Prove that a finite group $G$ is nilpotent if and only if whenever $a, b \in G$ with $gcd(o(a), o(b)) = 1$, then $ab = ba$.
I know that a finite group G is nilpotent iff it is a direct product of its sylow subgroups.
$(\implies)$ Let G be nilpotent. So, it is a direct product of its sylow subgroups.
$\therefore G=P_{1}\times P_{2}\times \ldots \times P_{k}$ i.e. $G=P_{1}P_{2}\ldots P_{k}$ where each $P_{i}\lhd G \;\forall\,i\in \{1,2,\ldots,k\}$, and $(P_{1}P_{2} \ldots P_{i})\cap P_{i+1}=\{e\} \;\forall\,i\in \{1,2,\ldots,k\}$.
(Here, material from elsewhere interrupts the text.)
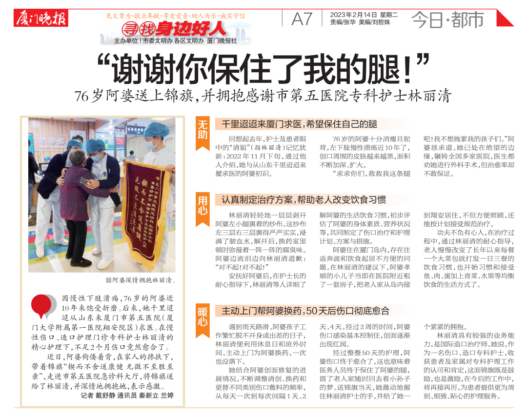 “谢谢你保住了我的腿!”76岁阿婆送上锦旗,并拥抱感谢市第五医院专科护士林丽清2023-2-14 来源:厦门晚报记者 戴舒静通讯员 秦新立 兰婷因慢性下肢溃疡,76岁的阿婆近10年来饱受折磨。后来,她千里迢迢从山东来黑料网 (厦门大学附属第一医院翔安院区)求医。在慢性伤口、造口护理门诊专科护士林丽清的精心护理下,不足2个月伤口竟然愈合了。近日,阿婆佝偻着背,在家人的搀扶下,带着锦旗“锲而不舍送康健 无微不至胜至亲”,走进市第五医院急诊科大厅,将锦旗送给了林丽清,并深情地拥抱她,表示感激。阿婆深情拥抱林丽清无助千里迢迢来厦门求医希望保住自己的腿回想起去年,护士及患者眼中的“清姐”(指林丽清)记忆犹新:2022年11月下旬,通过他人介绍,她与从山东千里迢迢来厦求医的阿婆初识。76岁的阿婆十分消瘦且驼背,左下肢慢性溃疡近10年了,创口周围的皮肤越来越黑,面积不断加深、扩大。“求求你们,救救

Consider $a,b \in G$ such that $gcd(o(a),o(b))=1$
Case 1: If $a=e \;\; or \;\; b=e$
There is nothing to prove in this case
Case 2: If $a\neq e\neq b$
If $a,b\in P_{i}, \; sylow\;p_{i}-subgroup$ for some $i$, then $gcd(o(a),o(b))\geq p_{i}>1$. Hence, a contradiction.
$\therefore a\in P_{i}, b\in P_{j},\; i\neq j$
Also, $P_{i}\cap P_{j} = \{e\}$
So, $aba^{-1}b^{-1}\in P_{i}\cap P_{j} $. Hence, $ab=ba$
$(\impliedby)$ Here if I prove that each of the sylow subgroups of G is normal in G, and I already have trivial intersection for each sylow subgroup of distinct primes. So, I would have G as the direct product of sylow subgroups which would imply G is nilpotent.
I am not able to think how to prove the normality part. Please give some hints.
Also, please check the forward implication.
Thanks!